October 09, 2009

The English Class


FIRST MAN: Hey, aren’t we all in the same English course ?

FIRST WOMAN: Oh yeah. How’s it going?

FIRST MAN: Not bad—except I sometimes have trouble with my grammar, isn’t it? I mean, sometimes I perfect but other times I don’t, won’t they?

SECOND MAN: See, I’m alright with my grammar. My problem is spelling. I can’t spell to save my loaf.


SECOND MAN: Yeah. I have to rely on the spell chalk on my compluter.

FIRST WOMAN: Well, you know, look at it this way. You can lead a horse to water, but you can’t eat it too. You know what I’m saying?

SECOND MAN: No, no, not really.

FIRST MAN: Oh, I think that she sometimes has trouble mixing metaphors, aren’t she?

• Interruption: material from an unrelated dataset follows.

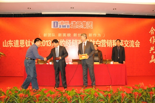 好博钛业公司在会上介绍了钛白粉环保型生产工艺情况,共同分享了产品生产技术。清华大学教授崔爱莉介绍了清华大学与好博钛业公司合作研发情况。会上,好博钛业公司与各签约经销商举行了隆重的签名授牌仪式。
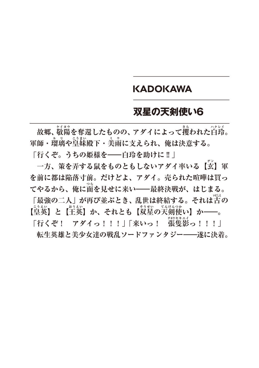攫われた白玲、それは【玄】皇帝アダイによる最終決戦への誘いだった。「最強の二人」が再び並ぶとき、乱世は終結する。皇英と王英、双星の天剣――時を超えた全ての宿命が、辿り着く先は。英雄譚、決着の第六幕。

FIRST WOMAN: Yeah. Sorry you guys, I’m always crying over spilt chickens before they’re hatched.

SECOND WOMAN: It’s alright for you all, I’ve got a very small vocabulary.

THIRD MAN: What’s that like?

SECOND WOMAN: It’s alright for you all, I’ve got a very small vocabulary.

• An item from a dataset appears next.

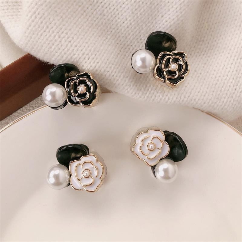 Sencillo clip pequeño de camelia y perla, horquilla lateral, parte trasera de la cabeza, de alta calidad, para cabello suelto, flequillo, horquilla, tocado

THIRD MAN: That’s OK—I have problems with my emphasis.

FIRST WOMAN: Your emphasis?

THIRD MAN: Yes, my emphasis on different parts of the sentences. In my job that can cause a lot of awkwardness.

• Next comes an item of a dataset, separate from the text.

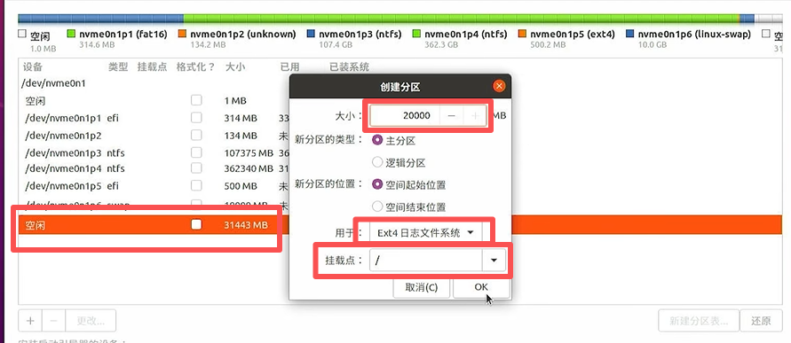 (下一章里我将详细讲解如在Ubuntu里检查实际分区并根据自己的需求进行分区的调整)

SECOND MAN: What do you do?

THIRD MAN: I’m a speech therapist.

SECOND MAN: A peach therapist that can’t spike priperly. Surprised your boss hasn’t sucked you.

SECOND WOMAN: It’s alright for you all, I’ve got a very small vocabulary.

THIRD MAN: Can I make a suggestion? Why don’t you purchase a dictionary—you’ll save yourself a lot of embarrassment.

FIRST MAN: I’ll tell you what. Why doesn’t we all try studying together, isn’t it? How doesn’t next week sound, didn’t we?

SECOND MAN: Grape idea.

THIRD MAN: Fabulous.

FIRST WOMAN: Yeah, you give ‘em an inch, it’s worth two in the bush.

SECOND WOMAN: It’s alright for you all, I’ve got …

ALL: Shut up!

FIRST MAN: Isn’t it!


Rachel Cotterill said...

Hehe :) Fortunately I've never seen an English class like that!

Jess said...

haha! Very funny!

French Fancy said...

I've always thought how simple the English language was when compared to French but maybe it's not - all those metaphors!

angus said...

So, the English classes are going well then, innit:)

Jenni Jiggety said...


English is hard!

Erin P said...

Hilarious, and I bet particularly so in your line of work. I'm in an Italian class now, so I sooo get it!

Polly-Vous Francais said...

Hilarious! And side-splitting for anyone who has taught ESL. Or maybe it makes us cry. Didn't we?

Barbara said...

Hi Dedene,

That is sooo funny !! Well done.
I enjoyed that very much ;)

Happy Monday to you.

Shanster said...

Who's on first?

Berowne said...

Great scene. Somehow it reminded me of my trip on a ship back from Indonesia years ago. There was a native barber on board so I had a haircut.

I made a trenchant comment on the then desperate world situation and he replied, "Yeah, well, that's the way it goes."


I later made another equally forceful remark and he replied with exactly the same words.

I decided to test him. I mentioned some ridiculout scheme involving the murder of my father-in-law and sure enough, he coughed up the exact same line.

He knew no English, but someone had taught him one phrase, coached him till he pronounced it correctly, and probably assured him it would fit almost any situation. It seems to have worked.